I've just logged onto the site after months of absence and just getting on with life here in Melbourne, we have been here for nearly a year now, and time really flies!

I felt compelled to reply to your post as I was in a similar situation to you when we came out here, DH had job nailed, I was terribly torn as I'm pretty close to family and was really content and happy in my life as it was. I was pretty terrified of the move and he was just cruising through it. The bottom line for me was what did I have to lose by trying it. Now I agree with what everyone else has said about necessary communication and how you shouldn't come if you don't feel its right but sometimes it's so difficult when your priorities are so different. MY DH was certain it was the best thing for his family, so for him, I don't think that the move was a completely selfish decision.

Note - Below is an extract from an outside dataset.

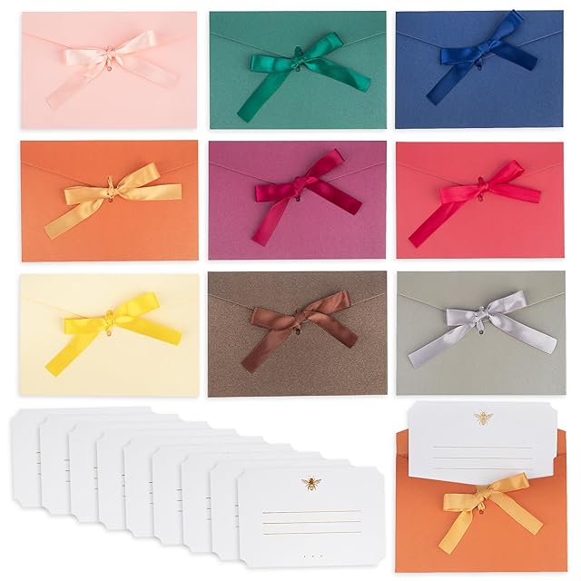 【デザイン】封筒はリボン付きで、簡単に蝶結びができます。色彩が豊富で、表面にはパールのような光沢があります。カードは箔押し加工で、蜂のデザインが施され、シンプルながらも高級感を演出します。

Now, I still have difficult days but that said, it's not so bad really. Bear in mind that:

1. You WILL make friends if you want to, I've already made some VERY good ones.

2. It won't be the end of the world if you hate it.

3. If you come, you'll never have to wonder "what if"

Look, Jen, you know in your heart if you feel you can bear to do this. If you ask yourself and you really do not want to then you probably need to explain it to your husband and face whatever his response might be, but if you feel you could give it a go.... ALl is not lost you know, it's a fine place to live here, I'm loving it. The people are incredibly friendly (I don't actually have any English friends here, all Aussies) and you CAN always go back in the knowledge that you tried.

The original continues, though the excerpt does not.